A thread came up on Twitter about understanding personal finance for kids who grew up in poor families. The fundamentals essentially. I did not grow up in a poor family (at all) but I did grow up in a family where money wasn’t discussed or particularly well understood. My father I think had a pretty negative and stressful relationship with money for a large part of his life, particularly with taxes. My mother was shrewder. So I have sought to understand these things a bit better myself and at the very least have an active relationship with them. My goal is to make money something I have agency over and take actions and make decisions about, and not something which happens to me in a stressful way. I am absolutely not a financial expert at all (at all!) but can share a few key ideas I’ve learned as starting points for your own research. I find that teaching something not too long after you yourself were a beginner can be very effective (it’s basically what I do at my job). So I’ll fire off a few rapid, short, stubby thoughts and then you can use those as a starting point to learn more. Importantly, I am not rich, retired or even in particularly great financial shape, but I have done some reading and have an understanding of the basics and a plan which I feel good about.
0) If you have debt, get out of it as fast as you can. Easier said than done I know. I like Dave Ramsey’s baby-steps or ‘debt snowball’ approach which is all about getting motivation and momentum to pay off any debts you have before you can start saving and investing. Saving and investing does not make sense until you have cleared your debt. It’s worth noting that Dave Ramsey is an evangelical republican so I don’t endorse his politics, but his debt and money advice is good and his podcast show is entertaining and informative. I find it interesting to sometimes listen to people I don’t agree with, I know not everyone is like this so YMMV.
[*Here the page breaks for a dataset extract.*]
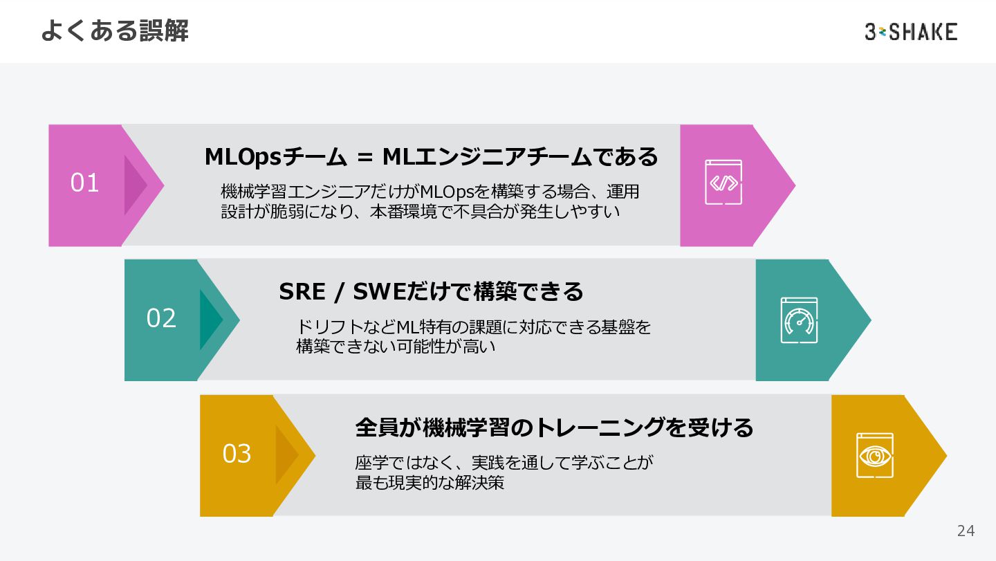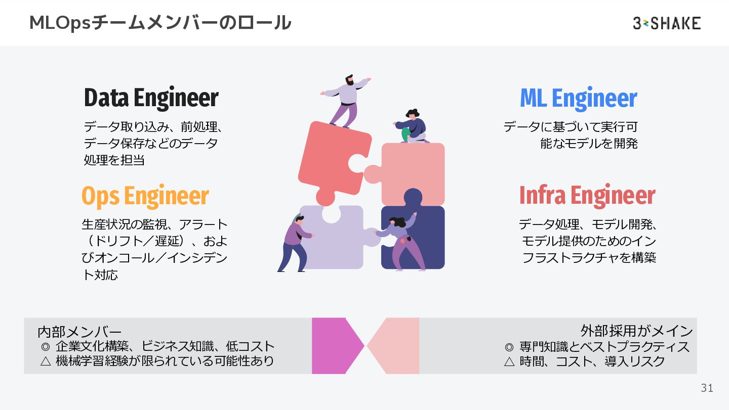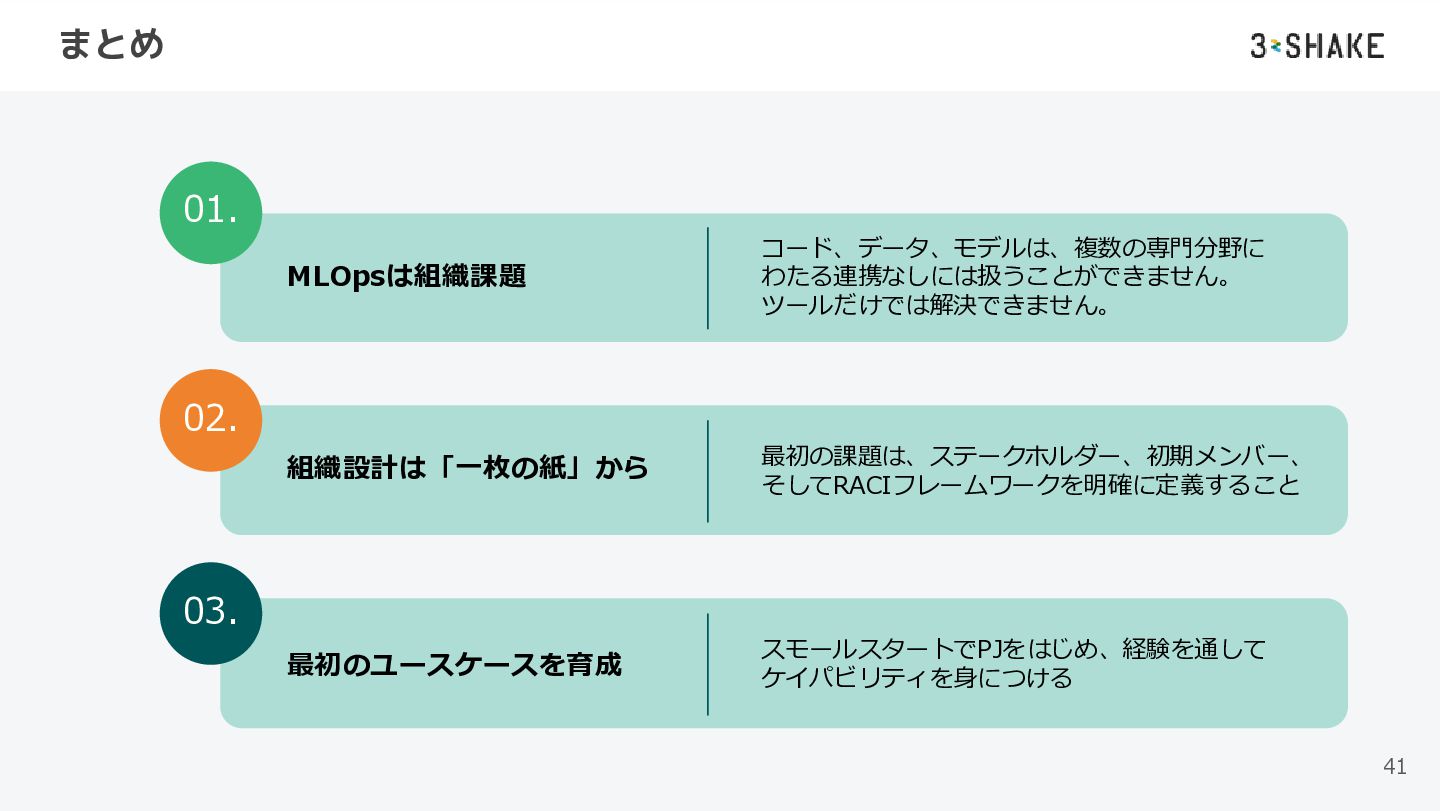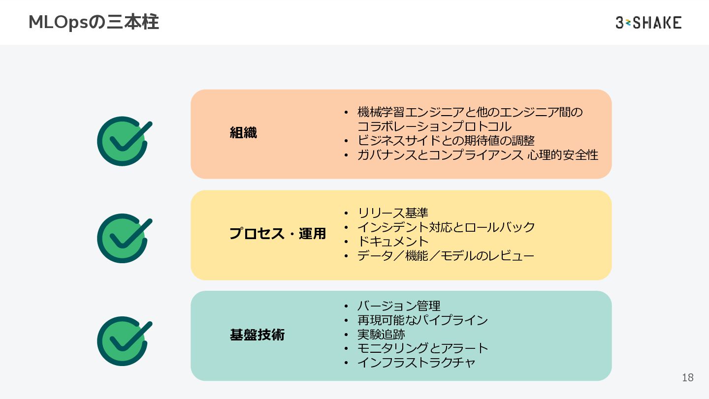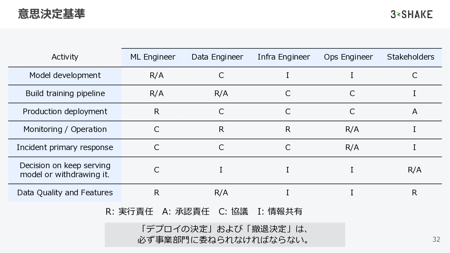 Engineer Stakeholders Model development R/A C I I C Build training pipeline R/A R/A C C I Production deployment R C C C A Monitoring / Operation C R R R/A I Incident primary response C C C R/A I Decision on keep serving model or withdrawing it. C I I I R/A Data Quality and Features R R/A I I R R: 実行責任 A: 承認責任 C: 協議 I: 情報共有 「デプロイの決定」および「撤退決定」は、 必ず事業部門に委ねられなければならない。

1) Investing and money is understandable, and not that complicated. There is a big vested interest in making you think that money is complicated and that you need super smart people to basically handle it for you. This is, predictably, not in your best interest.
2) To this end, you should have LESS people working on your money, but not necessarily zero.
3) Having a good accountant who understands your basic finances is very good and usually can be deducted from your taxes (in the US). This means it’s basically free. If you have access to the few hundred dollars needed to pay for this, it will almost definitely make you a good chunk of your income back via a refund.
4) DO NOT USE FINANCIAL ADVISORS. This is maybe surprising, but important. Just like doctors sometimes get bribed to sell you medicines, most financial advisors actually make money by actively doing stuff with your money that is not needed, selling you things you don’t need, and so on. If you must have a financial advisor, get someone who is what’s called a ‘fiduciary’. They take a fee, not a percentage and don’t sell you financial products.
5) DO use index funds. Index funds basically are a random sample platter of the stock market. Instead of trying to pick winners and losers, they get a little bit of everything. The whole market goes up, you make money. Historically, the whole market has been going up for about 100 years. Unless we see an apocalypse (which I think is totally possible, but still) this is a good bet. It is a good bet based on the last 100 years anyway.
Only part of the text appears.